§ **Problem description**
Repeat the data exactly, please; no pictures belong in the copy.

§ **Supplied data**
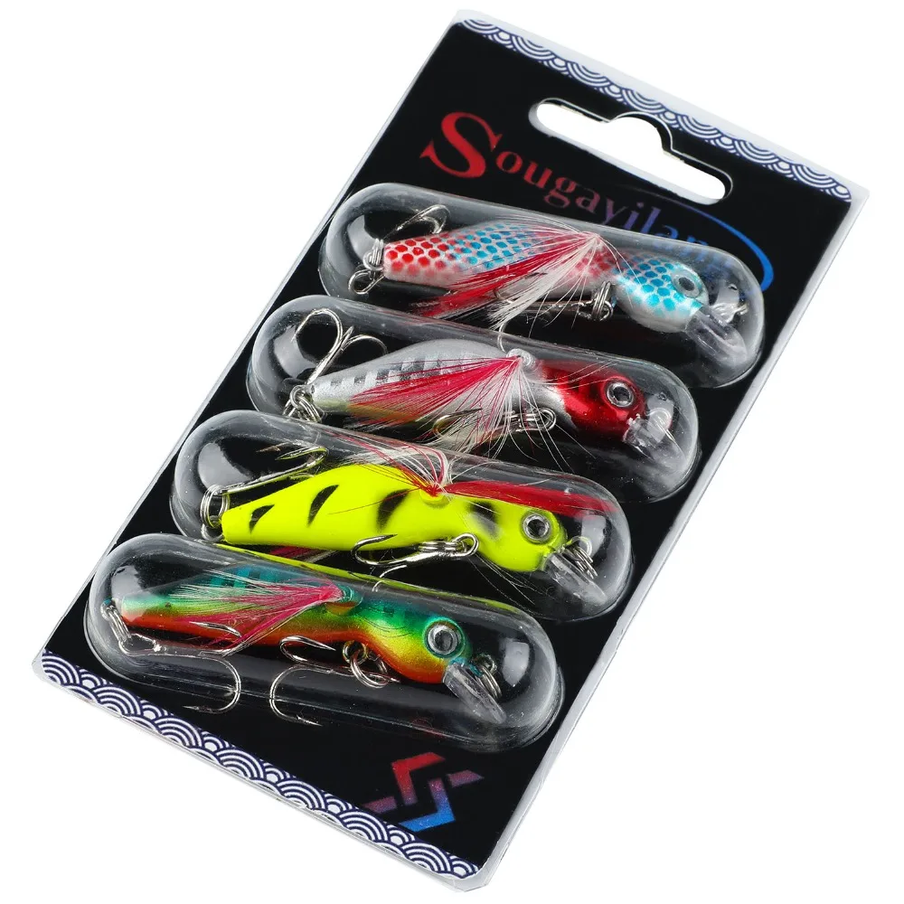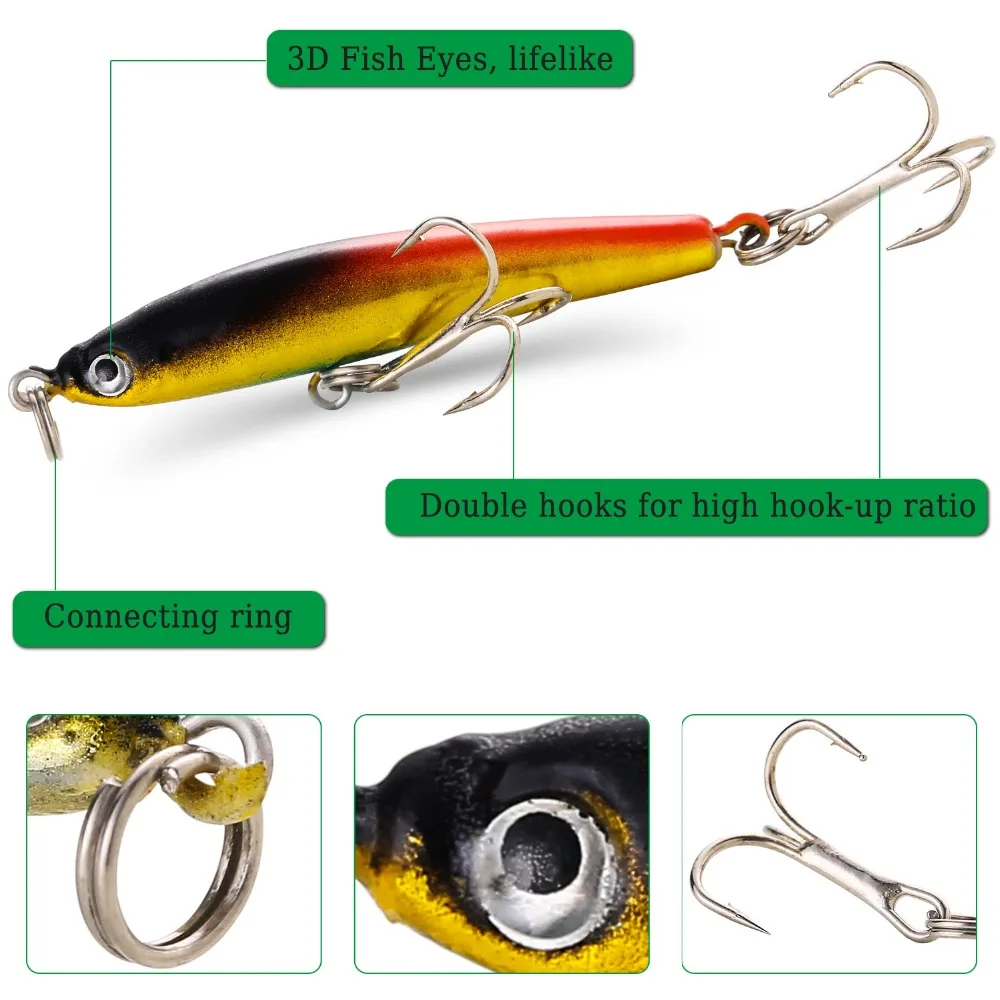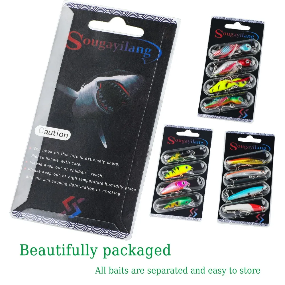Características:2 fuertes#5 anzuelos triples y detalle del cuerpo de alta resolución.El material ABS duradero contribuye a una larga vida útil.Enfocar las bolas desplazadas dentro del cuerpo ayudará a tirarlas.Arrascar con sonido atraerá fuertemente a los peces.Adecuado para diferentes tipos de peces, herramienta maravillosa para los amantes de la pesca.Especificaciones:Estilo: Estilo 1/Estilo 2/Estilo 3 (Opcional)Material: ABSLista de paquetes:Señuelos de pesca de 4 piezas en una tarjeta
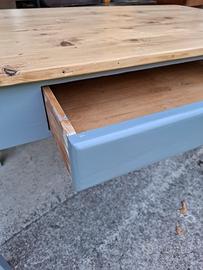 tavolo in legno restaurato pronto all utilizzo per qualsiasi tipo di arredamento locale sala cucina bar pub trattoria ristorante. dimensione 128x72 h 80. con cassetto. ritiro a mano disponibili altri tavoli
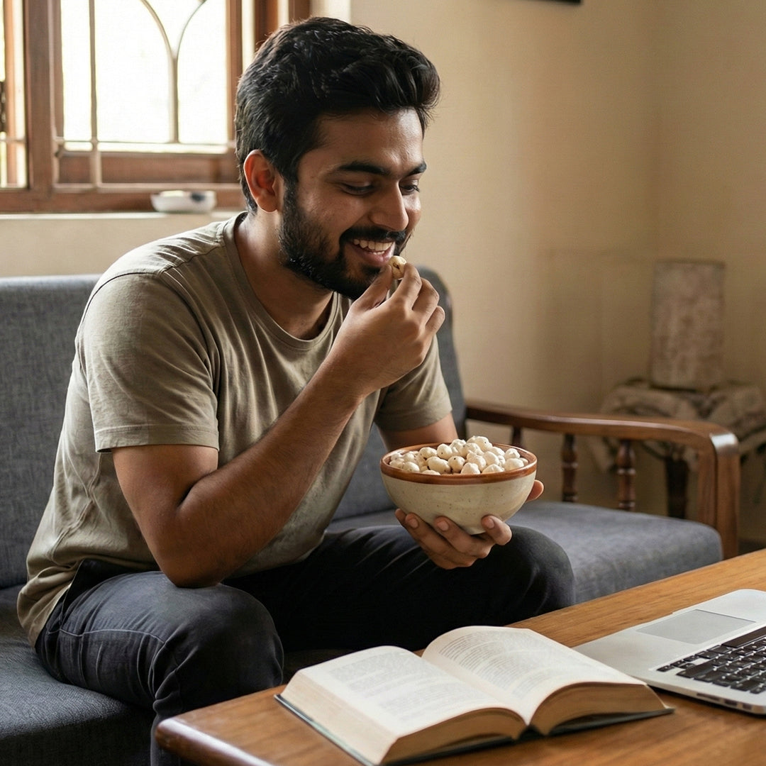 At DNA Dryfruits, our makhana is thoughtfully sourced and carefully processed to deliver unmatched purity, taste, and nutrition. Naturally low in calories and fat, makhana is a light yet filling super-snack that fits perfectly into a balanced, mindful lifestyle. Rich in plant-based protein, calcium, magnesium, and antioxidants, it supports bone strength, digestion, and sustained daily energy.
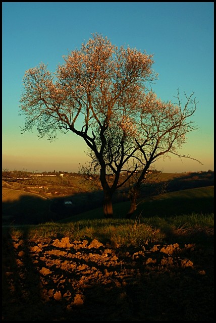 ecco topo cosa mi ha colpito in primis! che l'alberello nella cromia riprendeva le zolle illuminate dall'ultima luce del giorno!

§ **Exercise response**
Características:2 fuertes#5 anzuelos triples y detalle del cuerpo de alta resolución.El material ABS duradero contribuye a una larga vida útil.Enfocar las bolas desplazadas dentro del cuerpo ayudará a tirarlas.Arrascar con sonido atraerá fuertemente a los peces.Adecuado para diferentes tipos de peces, herramienta maravillosa para los amantes de la pesca.Especificaciones:Estilo: Estilo 1/Estilo 2/Estilo 3 (Opcional)Material: ABSLista de paquetes:Señuelos de pesca de 4 piezas en una tarjeta
 tavolo in legno restaurato pronto all utilizzo per qualsiasi tipo di arredamento locale sala cucina bar pub trattoria ristorante. dimensione 128x72 h 80. con cassetto. ritiro a mano disponibili altri tavoli
 At DNA Dryfruits, our makhana is thoughtfully sourced and carefully processed to deliver unmatched purity, taste, and nutrition. Naturally low in calories and fat, makhana is a light yet filling super-snack that fits perfectly into a balanced, mindful lifestyle. Rich in plant-based protein, calcium, magnesium, and antioxidants, it supports bone strength, digestion, and sustained daily energy.
 ecco topo cosa mi ha colpito in primis! che l'alberello nella cromia riprendeva le zolle illuminate dall'ultima luce del giorno!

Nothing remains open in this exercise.